鋼体化後
出典: フリー百科事典『ウィキペディア(Wikipedia)』 (2020/07/08 03:35 UTC 版)
鋼体化後の本形式は、伊丹線では2両編成で、甲陽線では2両編成及び単行で使用された。2両編成を組む場合は90 - 91、92 - 93の組み合わせで組むことが多く、このため端数となる95については、予備車扱いとなって営業運転に出る機会が減少した。もっとも、1950年代後半から1960年代初頭にかけての甲陽線では地上設備の制約から本形式と300形のうち電動車で残った316 - 319の2形式しか運用できなかったことから、95が夜間の単行運用に充当されることもあった。また、90 - 91については、1961年に中間部の運転台を撤去して狭幅の貫通路を設け、2両固定編成化された。この結果、95が連結できる相手は両運転台で残った92・93に限られるようになり、運行機会がさらに減少した。

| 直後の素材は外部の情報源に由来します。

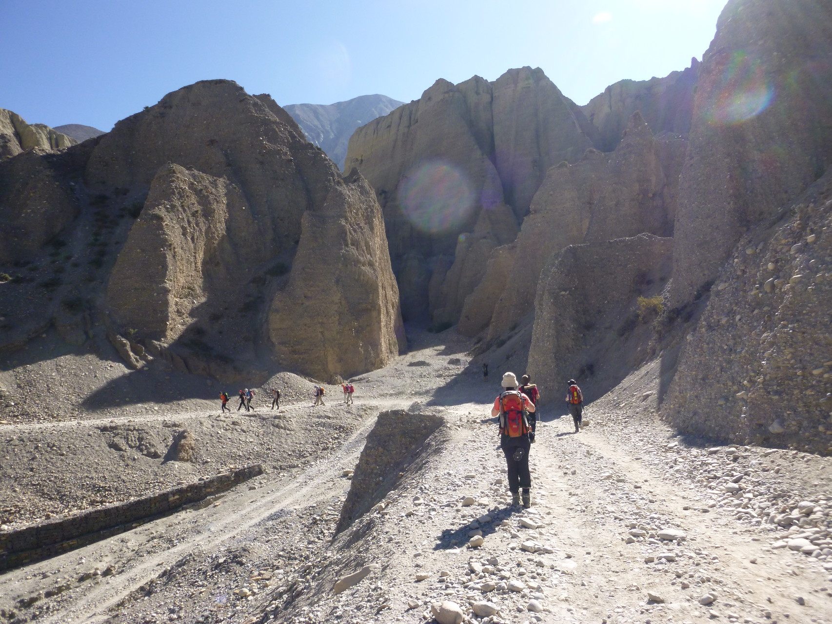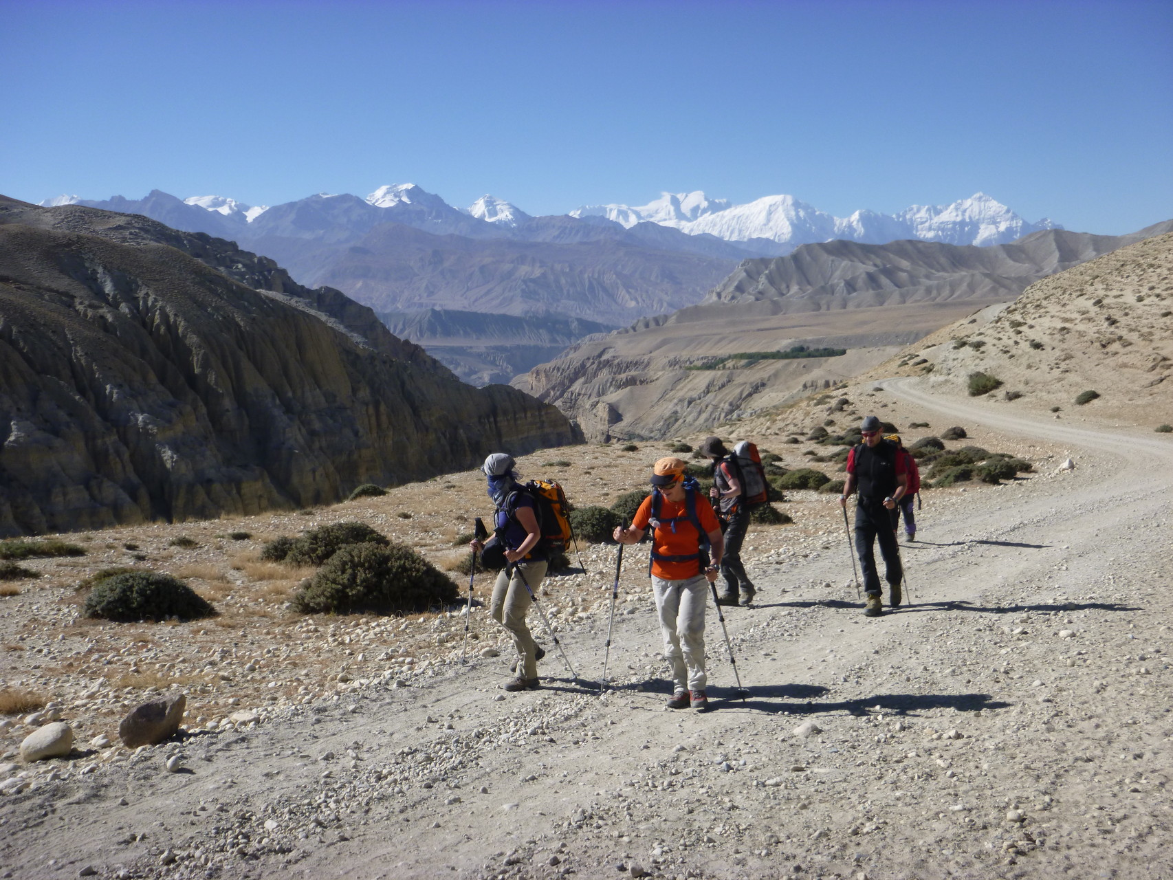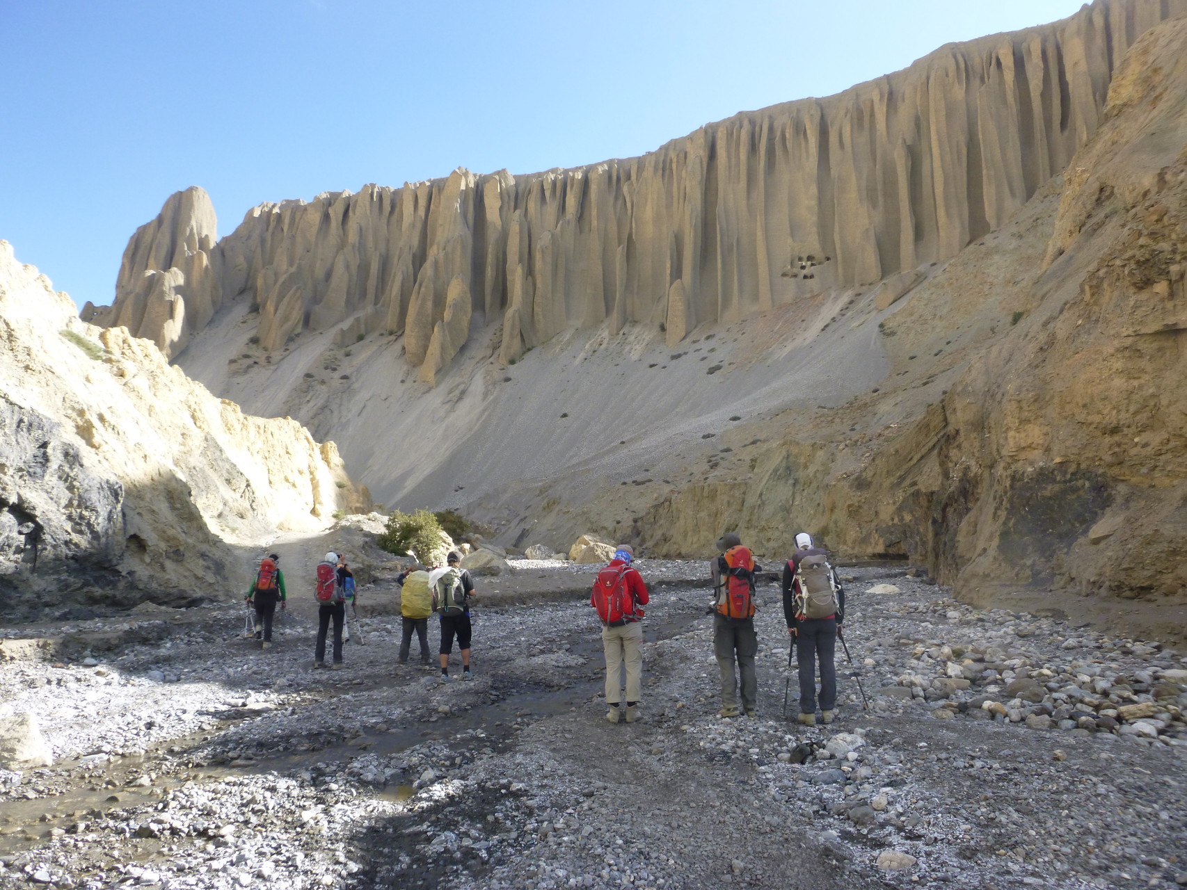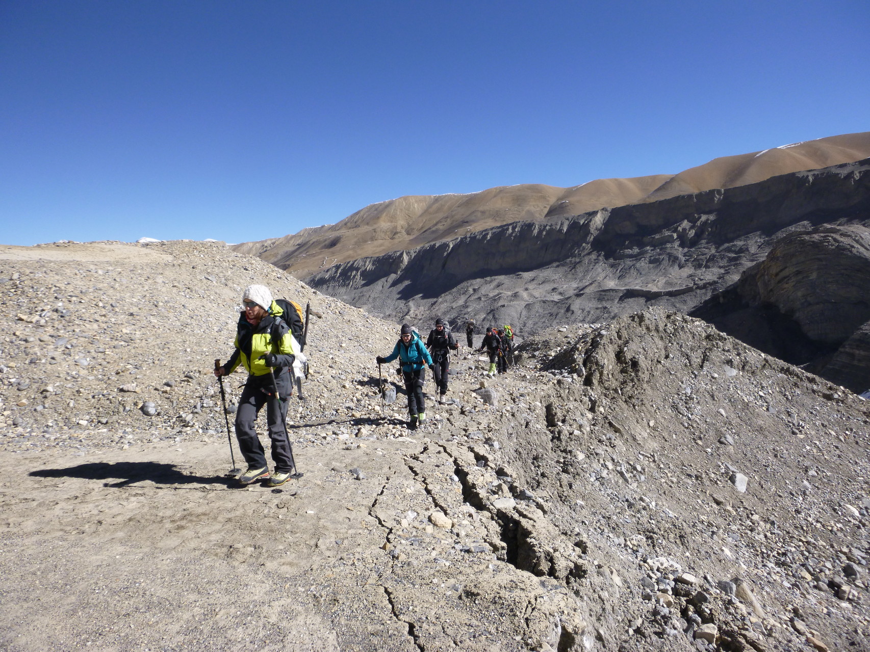 Über den Mustang Pass (6042 m) von Lo-Manthang ins Naar Phu Valley mit Seribung Peak (6328 m). Bis 1991 war das Mustang völlig isoliert. Eine allmähliche Öffnung mit strengen Besuchervorschriften hat dieses frühere „Königreich“ als absolutes Juwel unter Nepals Trekking-Gebieten erhalten. Alleine schon die Landschaftsformen und -farben mit grellorangen Felswänden, bunten Canyons und wilden Erosionsgebilden sind einen Besuch wert. Inzwischen ist es nun möglich vom Mustang Gebiet über den vergletscherten „De Hults“- bzw. Mustang-Pass ins spät geöffnete Naar Phu Tal zu kommen. Bergsteigerischer Höhepunkt dieses absolut außergewöhnlichen Trekkings ist die allmähliche Annährung an die Welt der stark vergletscherten 6000- und 7000er des Damodar-Himals. In der Hochgebirgslandschaft konnte vom Mustang-Pass der Seribung Peak (6328 m) bestiegen werden.

1962年1月に1形で最後まで残った32が廃車されると、本形式が阪急で最も車齢の高い車両となった。 1960年代初頭の伊丹線では、塚口駅の構内配線の関係から車両の増結が困難であったため、本形式は96形とともに伊丹線の主力車として、宝塚線から転じた小型車グループの320形・500形(2代目)・550形の各形式や、神戸本線から応援入線する900形・920・800系の17m車グループとともに、朝のラッシュ時には全線複線のメリットを生かして3km前後の区間で6列車運行を行うという頻発運転を実施していた。1963年に316 - 319が廃車された後は、甲陽線と伊丹線で共通運用を組む形式が320・500の両形式が主となったことから、本形式は96形とともに2両編成で伊丹線専用となった。 この時期には伊丹線の輸送力増強を目的として、95を中間車化改造した上で90と91の間に組み込み、3両編成化する計画もあったが、すでに神宝線の架線電圧の1,500Vへの昇圧を控えた時期であったことから、実現には至らなかった。 本形式は、96形や当時神戸線所属の小型車と同様に昇圧対象から外され、西宮車庫の入換車となった93を除く4両は、1965年11月29日付けで休車となり園田駅大阪寄にあった側線に1年ほど留置ののち、1966年11月末に西宮車庫に回送されて同年12月1日付で90 - 92・95の4両が廃車、90 - 91、95の3両は1967年1月末に解体された。92は、車体が西宮車庫で詰所に転用され、しばらく残されていたが後年解体されている。 なお、入換車となった93は、昇圧直前まで入換車として西宮車庫で使用されたため、廃車は昇圧後の1967年10月17日であった。